Sampling from the
log-\(\chi^2_1\)
Suppose that our interest is in drawing from \(\theta\) following a log-\(\chi^2_1\): \[
p(\theta) = \frac{1}{\sqrt
2\Gamma(0.5)}\exp\left\{0.5\theta-0.5e^\theta\right\}, \qquad \theta \in
\Re.
\] This distribution appears frequently in financial econometrics
applications.
target = function(theta){
1/sqrt(2)/gamma(1/2)*exp(0.5*theta-0.5*exp(theta))
}
theta = seq(-15,5,length=1000)
par(mfrow=c(1,1))
plot(theta,target(theta),xlab=expression(theta),ylab="Density",
main="Target",type="l")
SIR in action
We have to pick a
proposal density
Let us compare the performance of the SIR based on two alternative
proposal densities: \[
q_1(\theta) \equiv Normal(0,5^2) \ \ \ \mbox{and} \ \ \ q_2(\theta)

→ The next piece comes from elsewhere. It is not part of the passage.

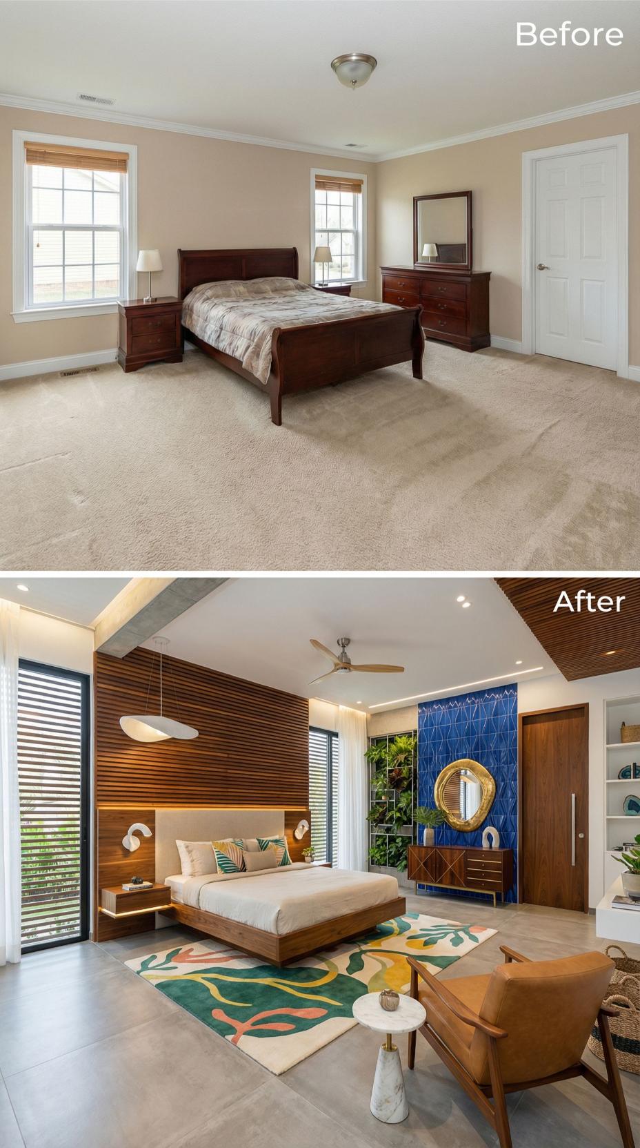 Warm walnut wood paneling transforms these bland beige walls into a sophisticated backdrop, while the floating platform bed anchors the contemporary design. Blue geometric tile creates a stunning accent wall behind the sculptural credenza, complementing the vibrant botanical area rug. Modern pendant lighting and built-in wardrobes elevate this space from basic builder grade to luxurious retreat.
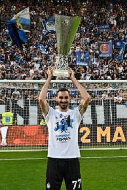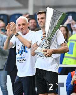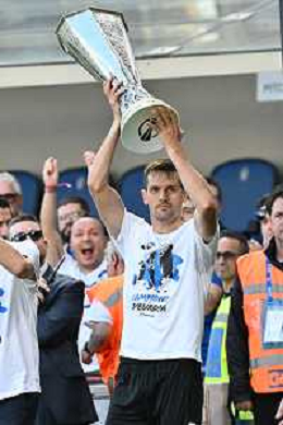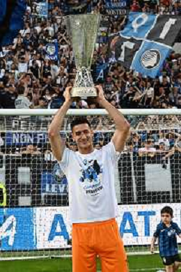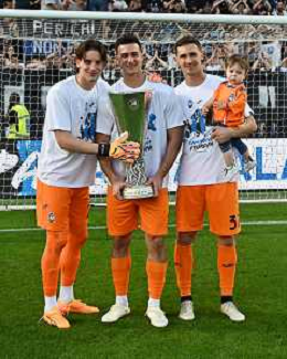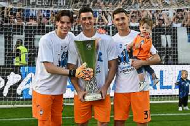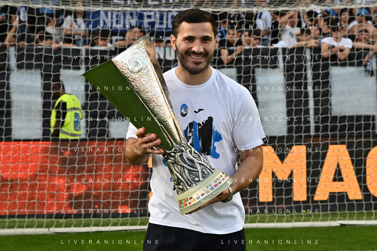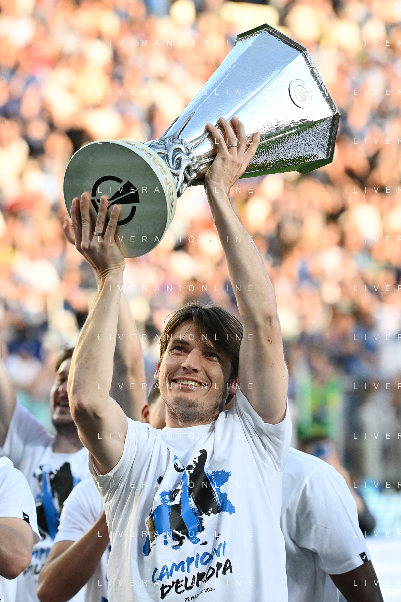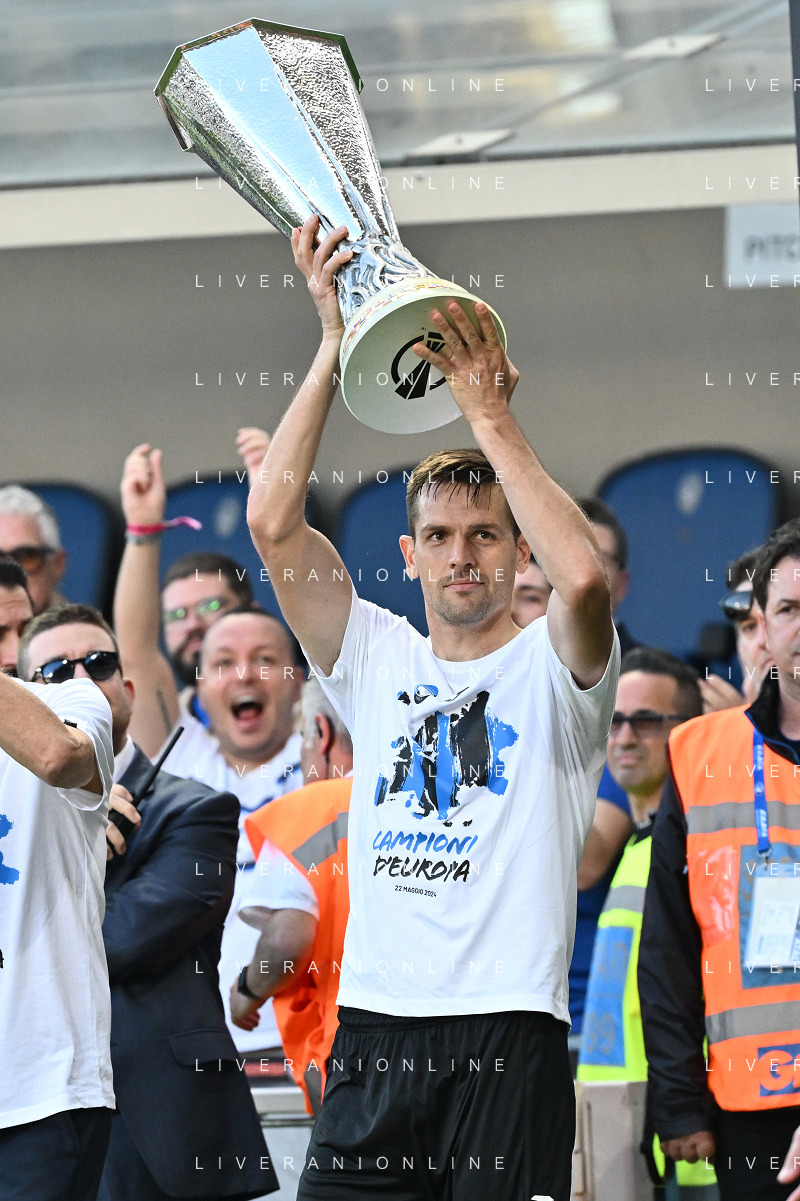 TVRG Atalanta vs Torino nella foto da SX Berat Djimsiti (Atalanta), Mario Pasalic (Atalanta) e Marten de Roon (Atalanta) a fine gara con la coppa trofeo europa league Bergamo 26-05-2024 Gewiss Stadium Campionato Serie A TIM - 38a giornata foto Roberto Garavaglia/Agenzia Aldo Liverani sas/ AGENZIA ALDO LIVERANI SAS

\equiv \mbox{Uniform}(-15,15).
\]
q1 = function(theta){
dnorm(theta,0,5)
}
q2 = function(theta){
rep(1/30,length(theta))
}
par(mfrow=c(1,1))
plot(theta,target(theta),xlab=expression(theta),ylab="Density",main="Target vs proposals",type="l")
lines(theta,q1(theta),col=2,lwd=3)
lines(theta,q2(theta),col=3,lwd=3)
legend("topleft",legend=c("Target","Gaussian proposal","Uniform proposal"),col=1:3,lty=1)
Sampling from
proposals
M = 1000000
theta.q1 = rnorm(M,0,5)
theta.q2 = runif(M,-15,15)
Computing acceptance
ratios
w1 = target(theta.q1)/q1(theta.q1)
w2 = target(theta.q2)/q2(theta.q2)
Resampling
theta.t1 = sample(theta.q1,size=M/2,replace=TRUE,prob=w1)
theta.t2 = sample(theta.q2,size=M/2,replace=TRUE,prob=w2)
Histograms against
exact density
par(mfrow=c(2,2))
hist(theta.q1,prob=TRUE,xlab=expression(theta),main="Gaussian proposal",
xlim=c(-15,15))
hist(theta.t1,prob=TRUE,xlab=expression(theta),main="Posterior",
xlim=c(-15,15))
lines(theta,target(theta),col=2,lwd=3)
hist(theta.q2,prob=TRUE,xlab=expression(theta),main="Uniform proposal",
xlim=c(-15,15))
hist(theta.t2,prob=TRUE,xlab=expression(theta),main="Posterior",
xlim=c(-15,15))
lines(theta,target(theta),col=2,lwd=3)
Computing \(Pr(\theta<-5)\)
# Exact value (via Riemann integration)
thetas = seq(-20,-5,length=10000)
h = thetas[2]-thetas[1]
I = sum(h*target(thetas))
I1 = mean(theta.t1<(-5))
I2 = mean(theta.t2<(-5))
c(I,I1,I2)
## [1] 0.06540915 0.06490600 0.06541400
Repeating SIR 200
times
set.seed(31416)
M = 100000
Rep = 100
Is = matrix(0,Rep,2)
for (rep in 1:Rep){
theta.q1 = rnorm(M,0,5)
theta.q2 = runif(M,-15,15)
w1 = target(theta.q1)/q1(theta.q1)
w2 = target(theta.q2)/q2(theta.q2)
theta.t1 = sample(theta.q1,size=M/2,replace=TRUE,prob=w1)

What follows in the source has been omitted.